Nothing but the lines below from the one that contains "L-BOXX 102-hez /" through the one that contains "2024 年 1 月 18" should be retyped, exactly and including both ends. Do not include pictures.

[MATERIAL SUPPLIED — start]

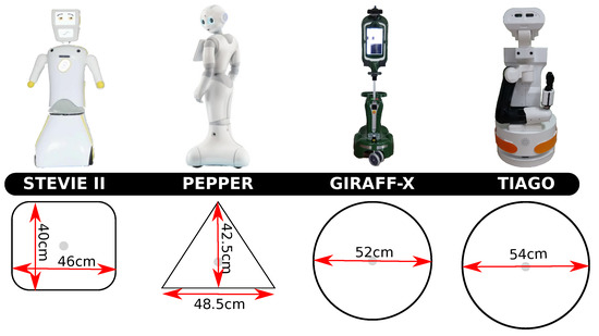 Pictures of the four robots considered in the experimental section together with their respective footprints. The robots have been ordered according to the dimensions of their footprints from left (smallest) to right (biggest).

[MATERIAL SUPPLIED — finish]
[MATERIAL SUPPLIED — start]

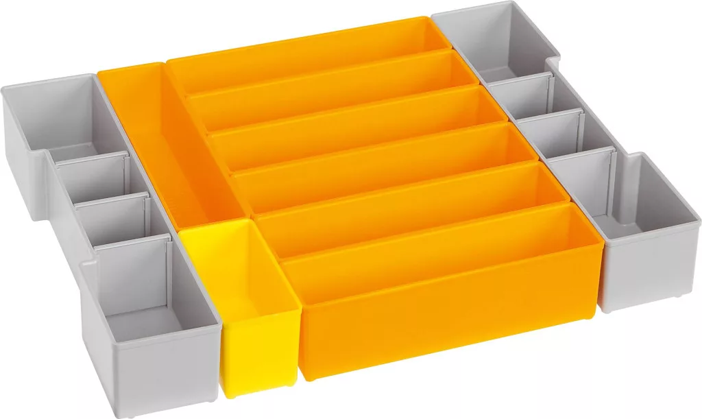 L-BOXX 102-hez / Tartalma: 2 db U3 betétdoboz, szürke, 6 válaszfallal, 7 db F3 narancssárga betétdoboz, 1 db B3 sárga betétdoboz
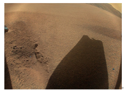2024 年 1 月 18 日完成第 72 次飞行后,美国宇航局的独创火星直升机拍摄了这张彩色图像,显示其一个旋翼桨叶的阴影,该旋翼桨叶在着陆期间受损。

[MATERIAL SUPPLIED — finish]

> _OUTPUT_:
 L-BOXX 102-hez / Tartalma: 2 db U3 betétdoboz, szürke, 6 válaszfallal, 7 db F3 narancssárga betétdoboz, 1 db B3 sárga betétdoboz
2024 年 1 月 18 日完成第 72 次飞行后,美国宇航局的独创火星直升机拍摄了这张彩色图像,显示其一个旋翼桨叶的阴影,该旋翼桨叶在着陆期间受损。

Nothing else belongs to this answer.